Several recent studies have shown that coinfection of CanineCV with CPV-2 leads to increased mortality in dogs [7,15,27], and we hypothesized that this effect is related to CanineCV-induced immunosuppression. Our study showed that CanineCV infection or Rep protein expression inhibits the IFN response yet facilitates CPV-2 replication in cells. Therefore, dogs infected with CanineCV may exhibit more severe clinical signs when coinfected with other viruses.
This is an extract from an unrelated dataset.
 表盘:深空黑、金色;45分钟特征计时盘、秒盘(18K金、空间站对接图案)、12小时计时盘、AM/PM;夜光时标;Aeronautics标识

It is worth noting that the probability of coinfection of CPV-2, canine distemper virus (CDV), and canine coronavirus (CCoV) with CanineCV reached 100% [19,28], 70–80% [27,29,30], and 50% [7,31], respectively. Thus, it is clear that, apart from DNA viruses, CDV and CCoV among RNA viruses are also coinfected with CanineCV, but the coinfection of CanineCV with CPV-2 is more common in dogs. Similar results were reported in other animal circovirus infections. For example, pigs coinfected with PCV2 and porcine parvovirus (PPV) became dull, developed jaundice and hepatomegaly, and some even died [32]. Coinfection of PCV2 or PCV3 with PPV leads to severe viremia and reproductive disorders [33,34,35]. In addition, PCV-2 infection inhibits the response of immune-related signaling pathways and promotes the replication of viruses such as pseudorabies virus and porcine reproductive and respiratory syndrome virus [36,37]. Worse still, duck circovirus also causes immunosuppression, and coinfection with other pathogens can lead to serious consequences [38,39].
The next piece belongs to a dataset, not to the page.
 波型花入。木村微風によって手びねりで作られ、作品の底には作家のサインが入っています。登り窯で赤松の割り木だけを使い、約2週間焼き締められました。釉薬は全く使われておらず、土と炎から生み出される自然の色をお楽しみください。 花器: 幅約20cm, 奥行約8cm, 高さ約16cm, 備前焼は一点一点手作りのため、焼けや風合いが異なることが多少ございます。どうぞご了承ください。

CanineCV will need to be given additional attention because it is gradually showing the ability to spread across species. CanineCV has a high prevalence in wild animals such as foxes, wolves, and badgers. More concerningly, CanineCV has been found in samples from cows and domestic cats in northeastern China [17]. CanineCV induces immunosuppression to promote the replication of other viruses, increasing disease severity, which imposes a further burden on public health safety.
4. Materials and Methods
4.1. Cells, Viruses, and Plasmids
F81 cells and HEK-293T cells were cultured in Dulbecco’s modified Eagle’s medium (DMEM) supplemented with 10% fetal bovine serum (FBS) in 5% CO2 at 37 °C. The CanineCV-DG strain was obtained from previous studies [40]. CPV-2 and SeV were stored in our laboratory. The pClone007 vector was purchased from Tsingke Biotechnology Co., Ltd. The empty p3×Flag-CMV10 and pEGFP-C3 vectors and the pBlueScript II SK (+) vector were purchased from Wuhan Miaoling Biotechnology (Wuhan, China). The pMD18-T clone vector was purchased from Takara Biomedical Co., Ltd. Technology (Beijing, China). The main ORFs of the virus were cloned and then ligated into the p3×Flag-CMV10 and pEGFP-C3 vectors. The feline interferon-associated luciferase reporter plasmids (IFN-β-Luc, NFκB-Luc, IRF3-Luc, and AP1-Luc) have been described in previous studies [41,42].
4.2. qPCR Analysis
For virus quantification, a pair of qPCR primers based on the Rep gene was designed as follows: q-Rep217F (5′-GCATAGTATTACCCGGCA-3′) and q-Rep217R (5′-GCATAGTATTACCCGGCA-3′). After amplification, amplicons were recovered from the positive bands and inserted into pMD18-T. After plasmid extraction, the standard plasmids were subjected to gradient dilution (109~101 copies/μL), and these solutions were ultimately used to establish the qPCR standard curve. To determine the number of CPV-2 virions in cells, qPCR was used according to a previous study [43].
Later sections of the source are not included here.